Amazon improved Inspector, a service that automates security assessments, adding automatic vulnerability management. Gert Leenders, cloud solution architect, comments:

The biggest gains from this announcement is that Amazon Inspector can now run continuously. On top of that, it automatically identifies resources instead of explicitly selecting resources for the Inspector to target.

New features were added to AWS Shield Advanced to automatically create, test, and deploy AWS WAF rules and mitigate layer 7 DDoS events. The CodeGuru Reviewer Secrets Detector detects passwords, access tokens and API keys in source code and configuration files.

Architecture and Coding

Vogels' keynote started with a timeline of AWS and showed some current metrics, before introducing new features and services for developers. Karan Desai, solution architect at AWS, tweets:

What is the most mind-blowing AWS service, you ask? It's not EC2. It's not S3. It's IAM. 500 million API calls every second... Imagine that.

Now in preview, AWS Migration Hub Refactor Spaces is a capability of AWS Migration Hub to refactor existing applications into distributed applications, usually based on microservices. Covered separately on InfoQ, the AWS Data Exchange for APIs enables customers to find, subscribe to, and use third-party API products from providers on AWS Data Exchange.

Designed to replace the AWS Forums and dubbed by many as AWS Stack OverFlow AWS re:Post is a managed Q&A service for crowd-sourced and expert-reviewed answers. Maurice Borgmeier, cloud consultant & trainer at tecRacer, reviewed the new service and comments:

re:Post seems a step up from the AWS forums, but as it is today there are lots of things missing to drive traffic away from the aws-* stackoverflow tags.



Released in 2017. AWS Amplify allows developers to build full-stack web and mobile apps. This year Vogels announced Amplify Studio to take the process a step further, adding a visual builder for all stages. Errol Hooper, AWS training architect at A Cloud Guru, wrote an article explaining why it helps startups and small business enthusiasts.
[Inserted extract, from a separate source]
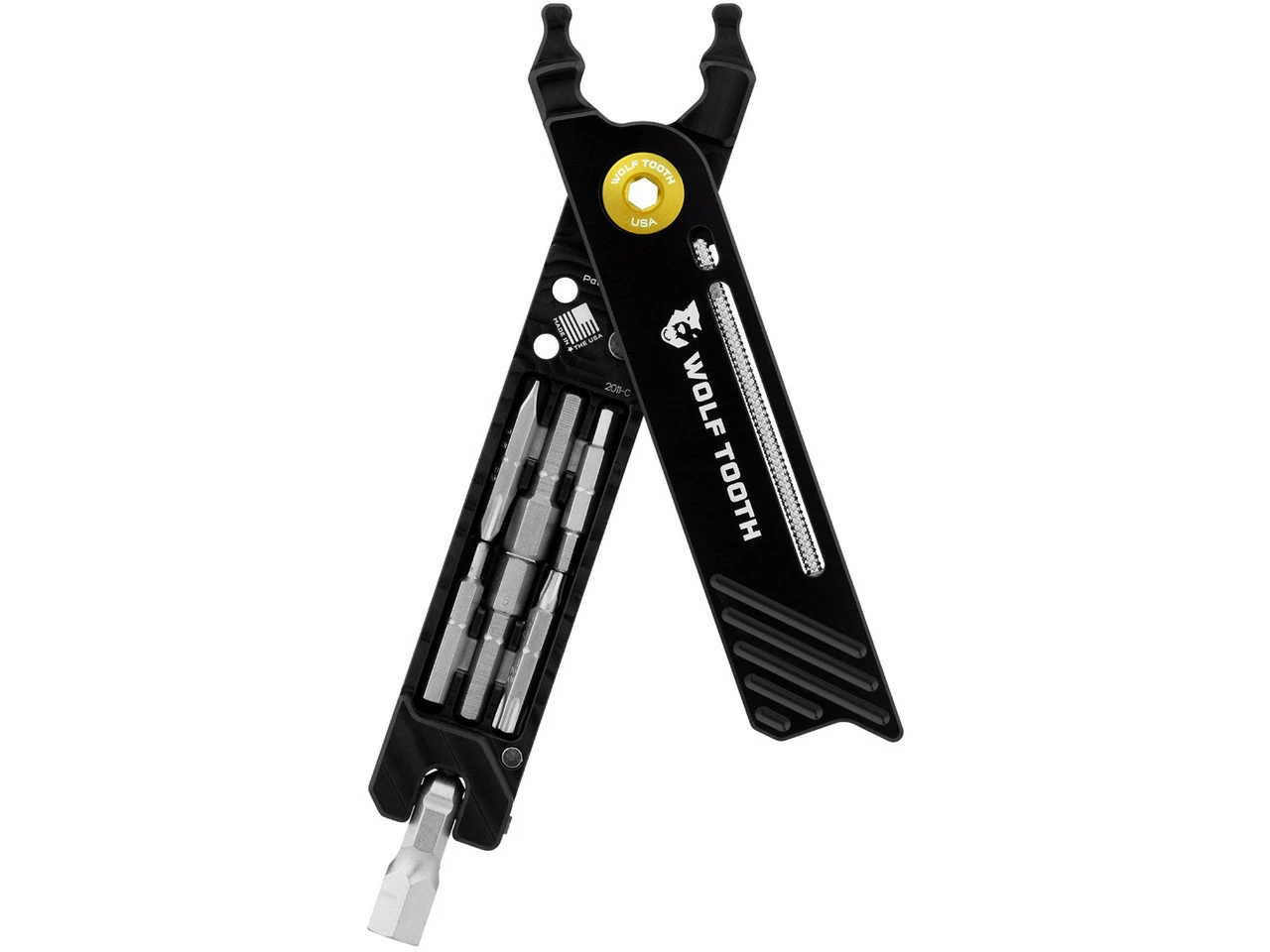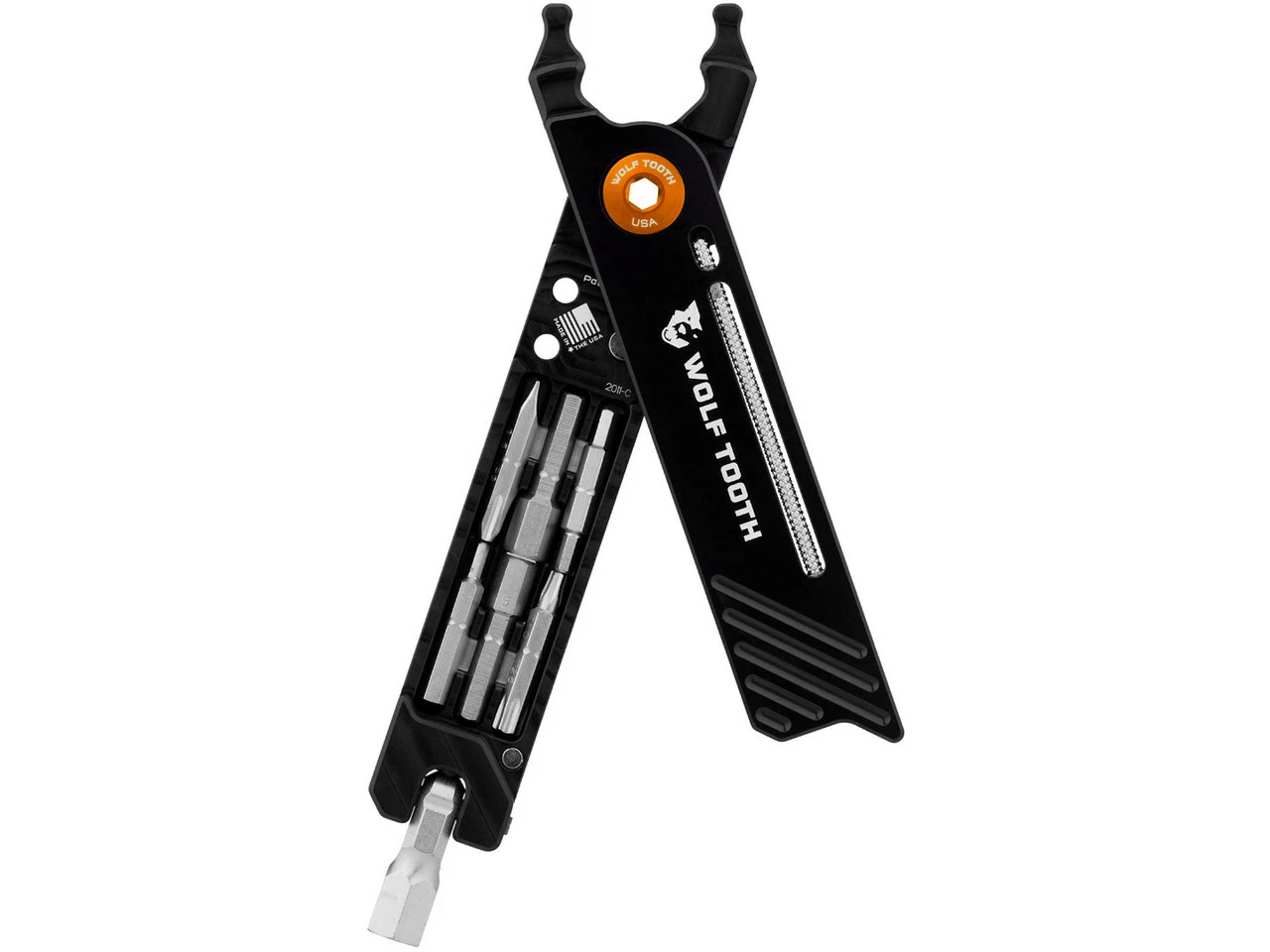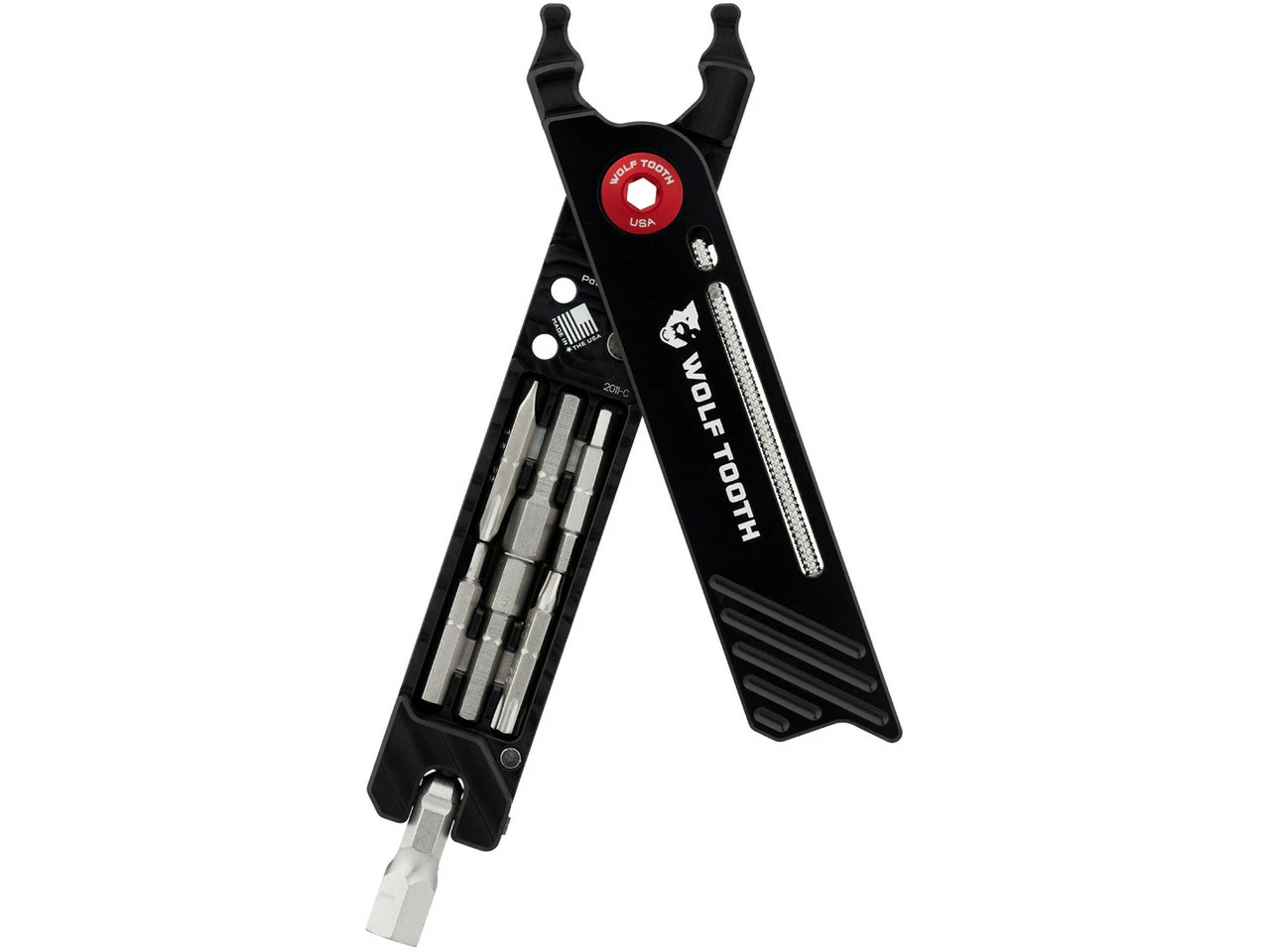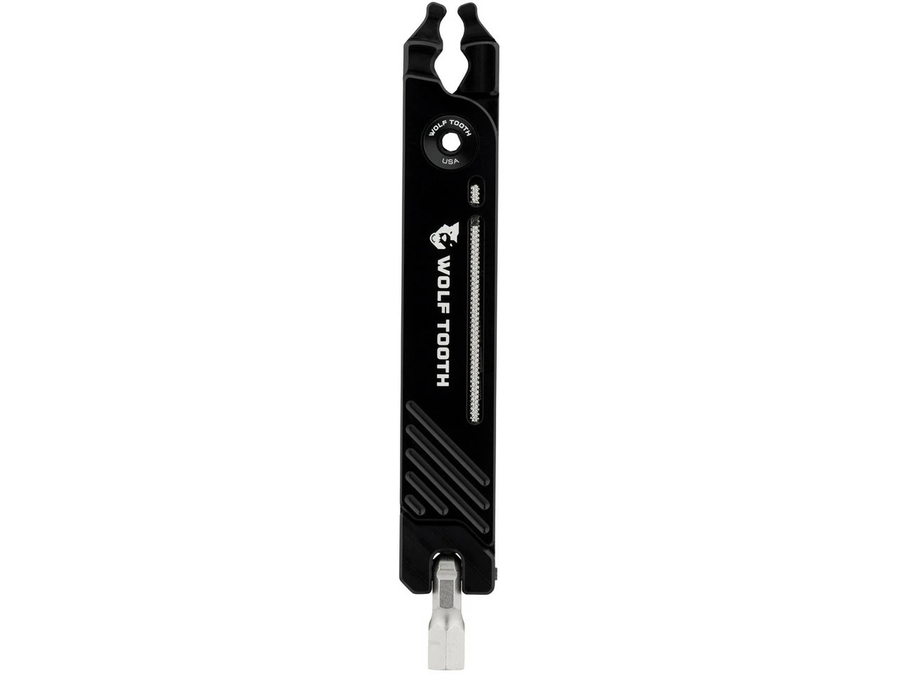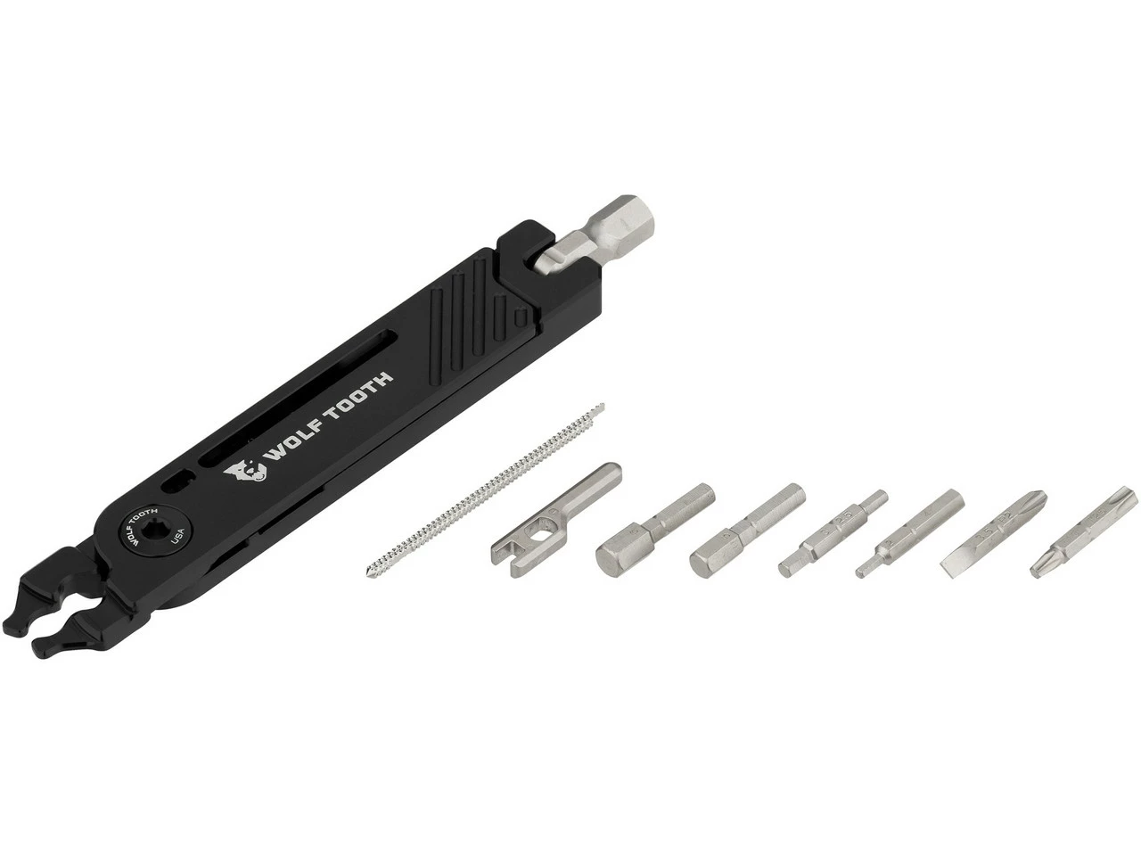 Los alicates combinados Wolf Tooth Components 8-Bit Pack Pliers vienen con una herramienta multiusos integrada brilla con 17 funciones que puedes usar para pequeñas reparaciones en el camino. El mango de los alicates esconde las puntas que se pueden fijar en la cabeza giratoria en la parte inferior para su uso. También hay espacio para dos mitades de cierres de cadena (no están incluidos en el volumen de envío). Todo está fijado magnéticamente, hasta las pinzas se cierran con imanes. También puedes usar los alicates para quitar los núcleos de las válvulas, apretar las tuercas de válvulas y abrir los eslabones del cierre de cadena.

As previously covered by InfoQ, Custom Lenses is a new feature of the Well-Architected Framework. A new sustainability pillar was added to the AWS Well-Architected Framework to help companies learn, measure, and improve their workloads using environmental best practises. Jeremy Daly, GM of serverless cloud at Serverless, tweets:

New AWS Well-Architected Sustainability pillar. Translation: go serverless.
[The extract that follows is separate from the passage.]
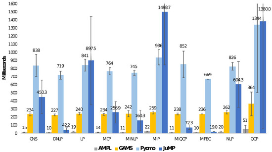 Average model instance creation time (in milliseconds) grouped by mathematical optimization problem type. Benchmark conducted by Jusevicius et al. [23] using models available in the GAMS library. It measures the time taken to load model instance and export to a format supported by the solver.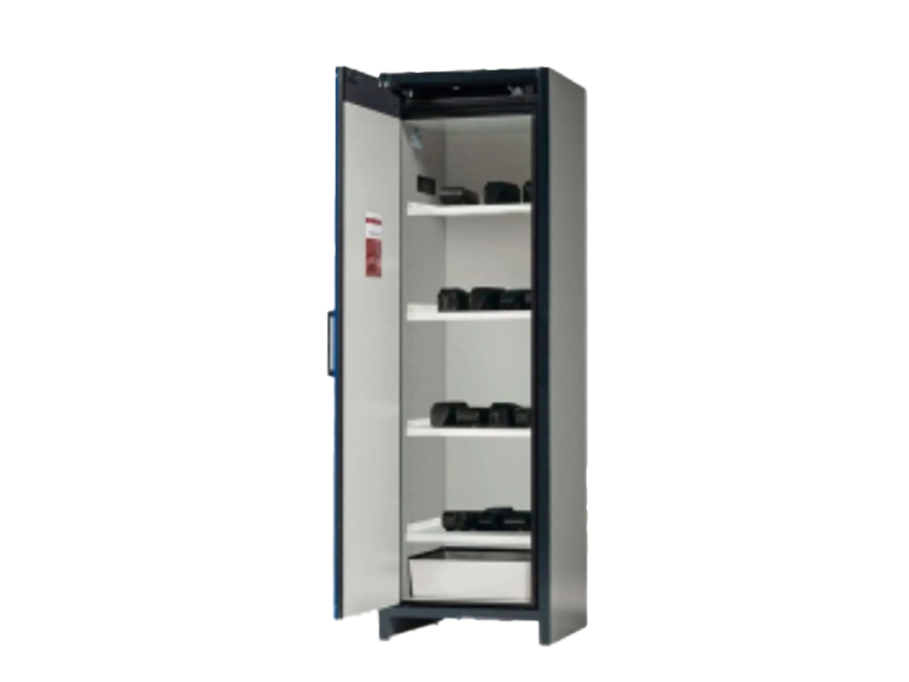 The Asecos Model ION-S series is a storage solution for lithium-ION batteries. It’s triple hinged door offers 90 minutes of fire protection with a scratch and impact resistant surface. The door mechanics are placed outside of the storage compartment, allowing for increased protection. It is self closing with integrated automatic thermal release system and intumescent sealant. The ION-S includes a keyhole with cylinder lock that has a locking state indicator. The integrated open base facilitates easy transportation.

Amazon decided to target the mainframe world, announcing AWS Mainframe Modernization, a set of migration tools that include the ability to convert Cobol code to Java. Drew Firment, SVP at A Cloud Guru, highlights the significant market share:

1. Only 10-15% of total IT spend moved to the cloud
2. CSPs spending $100B+ on infrastructure this year
3. Mainframes still used by 71% of Fortune 500

The Cloud Development Kit v2.0 is now generally available, contrary to what Vogels showed during his keynote. The Amazon Builders' Library is a new repository of articles that describe how Amazon develops, architects, and operates technology.

Feedback and Recaps

During the event, AWS kept up-to-date the article announcements of AWS re:Invent 2021. Among other recaps, the ones from Resmo, Victor Grenu and Leenders are worth mentioning. Kristi Perreault's article focuses instead on the main serverless sessions. Vogels wrote some tech predictions for 2022 and highlighted a negative aspect of being back in person in Las Vegas:

After reading the horrific stories from Ali Spittel, Emily Freeman and Abby Fuller on their experiences from the past week makes me extremely sad. This was supposed to be a celebration of tech for everyone, but us "men in tech" still can't get our act together.

The dates of the 2022 edition have not been announced yet.